Человек в форме подошел ближе и начал рассказывать: «Сегодня в 9.30 было обнаружено тело Курбатова Ивана Александровича. По предварительным оценкам – смерть наступила в результате сердечного приступа. Выехавшие на место члены медицинской экспертизы почувствовали запах, доносившийся из подвала, в котором и были обнаружены отрезанные конечности и части человеческих тел. Так же был обнаружен дневник, который вел подозреваемый. В нем он подробно расписывает, каким образом заманивает детей в свою квартиру, для дальнейших расправ. Рассказав жертве «интересную» историю про «людоеда», которого он якобы видел в детстве, предлагал пройти в квартиру, что бы показать документальные записи происходящего. Заинтересованный ребенок соглашался и попадал в квартиру… после чего происходила расправа».
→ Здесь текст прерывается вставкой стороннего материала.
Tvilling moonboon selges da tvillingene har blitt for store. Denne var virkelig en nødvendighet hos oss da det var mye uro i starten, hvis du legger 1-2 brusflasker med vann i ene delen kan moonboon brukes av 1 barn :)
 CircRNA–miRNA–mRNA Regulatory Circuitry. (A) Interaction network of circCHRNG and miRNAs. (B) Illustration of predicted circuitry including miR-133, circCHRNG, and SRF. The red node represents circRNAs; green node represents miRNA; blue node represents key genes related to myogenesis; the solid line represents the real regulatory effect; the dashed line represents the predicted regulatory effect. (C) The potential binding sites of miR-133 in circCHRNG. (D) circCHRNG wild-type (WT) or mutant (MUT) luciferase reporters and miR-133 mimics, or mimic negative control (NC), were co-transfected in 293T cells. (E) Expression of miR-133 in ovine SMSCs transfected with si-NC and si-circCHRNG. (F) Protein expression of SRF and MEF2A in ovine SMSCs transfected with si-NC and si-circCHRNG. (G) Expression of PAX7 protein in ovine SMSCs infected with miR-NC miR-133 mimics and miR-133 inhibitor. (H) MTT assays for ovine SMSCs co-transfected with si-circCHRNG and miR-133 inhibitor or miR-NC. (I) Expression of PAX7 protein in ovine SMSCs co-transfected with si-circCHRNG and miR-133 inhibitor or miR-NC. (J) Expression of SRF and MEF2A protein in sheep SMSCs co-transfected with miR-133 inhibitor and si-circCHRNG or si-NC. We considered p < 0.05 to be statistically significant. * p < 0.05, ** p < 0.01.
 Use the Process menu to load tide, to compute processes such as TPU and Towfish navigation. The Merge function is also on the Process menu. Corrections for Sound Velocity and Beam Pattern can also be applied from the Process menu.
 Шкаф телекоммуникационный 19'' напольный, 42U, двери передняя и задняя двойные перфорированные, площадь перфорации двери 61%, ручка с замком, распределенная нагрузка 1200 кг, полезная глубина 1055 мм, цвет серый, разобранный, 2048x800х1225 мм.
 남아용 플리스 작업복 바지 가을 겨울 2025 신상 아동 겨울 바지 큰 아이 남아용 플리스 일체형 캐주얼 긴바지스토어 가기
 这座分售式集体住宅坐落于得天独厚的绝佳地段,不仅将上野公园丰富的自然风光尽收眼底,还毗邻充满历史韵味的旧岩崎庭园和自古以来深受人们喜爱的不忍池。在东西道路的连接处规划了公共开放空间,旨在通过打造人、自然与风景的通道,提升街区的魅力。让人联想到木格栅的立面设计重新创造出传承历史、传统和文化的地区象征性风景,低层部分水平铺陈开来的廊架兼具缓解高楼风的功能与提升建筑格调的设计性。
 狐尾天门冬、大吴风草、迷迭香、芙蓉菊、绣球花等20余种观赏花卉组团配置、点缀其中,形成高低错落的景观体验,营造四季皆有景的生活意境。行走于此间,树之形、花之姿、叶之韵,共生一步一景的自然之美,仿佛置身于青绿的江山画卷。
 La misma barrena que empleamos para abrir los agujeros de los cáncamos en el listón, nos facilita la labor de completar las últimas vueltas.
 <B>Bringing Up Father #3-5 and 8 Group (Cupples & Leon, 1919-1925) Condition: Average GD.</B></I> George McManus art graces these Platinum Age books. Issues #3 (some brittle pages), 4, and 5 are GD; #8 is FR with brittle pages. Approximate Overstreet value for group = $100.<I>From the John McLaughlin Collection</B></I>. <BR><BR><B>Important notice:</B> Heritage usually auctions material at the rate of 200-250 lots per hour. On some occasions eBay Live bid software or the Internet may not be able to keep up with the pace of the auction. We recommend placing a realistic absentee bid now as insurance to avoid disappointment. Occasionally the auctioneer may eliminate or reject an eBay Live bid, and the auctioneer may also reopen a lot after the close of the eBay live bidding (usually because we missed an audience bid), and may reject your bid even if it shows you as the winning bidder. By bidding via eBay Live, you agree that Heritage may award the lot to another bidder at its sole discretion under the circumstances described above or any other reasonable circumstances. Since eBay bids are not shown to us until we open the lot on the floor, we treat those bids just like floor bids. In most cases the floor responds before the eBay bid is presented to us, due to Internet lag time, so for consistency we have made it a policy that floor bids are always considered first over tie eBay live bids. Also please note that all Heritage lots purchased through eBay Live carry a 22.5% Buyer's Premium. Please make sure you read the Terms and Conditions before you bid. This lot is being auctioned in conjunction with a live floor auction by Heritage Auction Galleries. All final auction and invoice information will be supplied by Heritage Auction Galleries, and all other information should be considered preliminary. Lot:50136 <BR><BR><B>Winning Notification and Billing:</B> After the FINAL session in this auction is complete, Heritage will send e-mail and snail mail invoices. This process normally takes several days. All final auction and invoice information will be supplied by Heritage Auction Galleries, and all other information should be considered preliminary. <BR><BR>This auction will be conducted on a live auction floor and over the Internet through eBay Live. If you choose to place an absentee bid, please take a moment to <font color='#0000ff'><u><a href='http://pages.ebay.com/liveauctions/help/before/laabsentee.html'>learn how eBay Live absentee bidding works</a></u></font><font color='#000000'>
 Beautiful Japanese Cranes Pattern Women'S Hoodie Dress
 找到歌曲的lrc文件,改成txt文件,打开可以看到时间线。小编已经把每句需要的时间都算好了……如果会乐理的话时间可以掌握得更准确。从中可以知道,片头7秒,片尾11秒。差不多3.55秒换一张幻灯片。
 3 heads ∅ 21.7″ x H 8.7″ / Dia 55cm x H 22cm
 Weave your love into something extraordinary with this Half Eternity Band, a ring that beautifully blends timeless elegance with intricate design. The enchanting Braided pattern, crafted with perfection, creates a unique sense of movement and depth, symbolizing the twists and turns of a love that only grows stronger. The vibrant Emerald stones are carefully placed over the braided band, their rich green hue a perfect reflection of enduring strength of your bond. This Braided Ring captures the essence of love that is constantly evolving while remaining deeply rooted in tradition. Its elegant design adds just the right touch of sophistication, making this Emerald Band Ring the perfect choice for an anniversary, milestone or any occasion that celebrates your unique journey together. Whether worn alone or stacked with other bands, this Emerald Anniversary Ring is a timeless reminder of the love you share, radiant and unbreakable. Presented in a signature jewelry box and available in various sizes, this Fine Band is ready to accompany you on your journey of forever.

Снова заговорила ведущая: «А мы напоминаем о мерах предосторожности и воспитательных работах, которые необходимо проводить со своими детьми, а именно…» – дальше слушать я не стал, а лишь снова поднял взгляд на маму. Она, все так же смотрела на меня.

– Саш… ведь это я тело обнаружила. Я спустилась соли попросить. Постучала, а дверь открыта. Захожу, смотрю, а он на полу. Зубной протез рядом лежит, а у самого рот открыт. Я присмотрелась… а у зубы у него… острые… словно он их напильником затачивал…

Тетрадь, найденная при обыске в квартире №...

Сегодня умерла наша мама. Прямо на диване, где лежала. Она мучилась сильно, бедная моя мамочка. Я смогла помыть её и переодеть в сухое, потом пришли люди из службы социальных похорон, забрали маму хоронить. Я хотела чтобы Сашуля тоже пошёл на кладбище, но не смогла заставить подняться его с кровати. Он очень толстый и всё время лежит и ест. Сашуля болеет, мама всегда говорила, что его надо жалеть, кормить и ухаживать за ним. У него отставание в развитии, он плохо понимает что происходит вокруг.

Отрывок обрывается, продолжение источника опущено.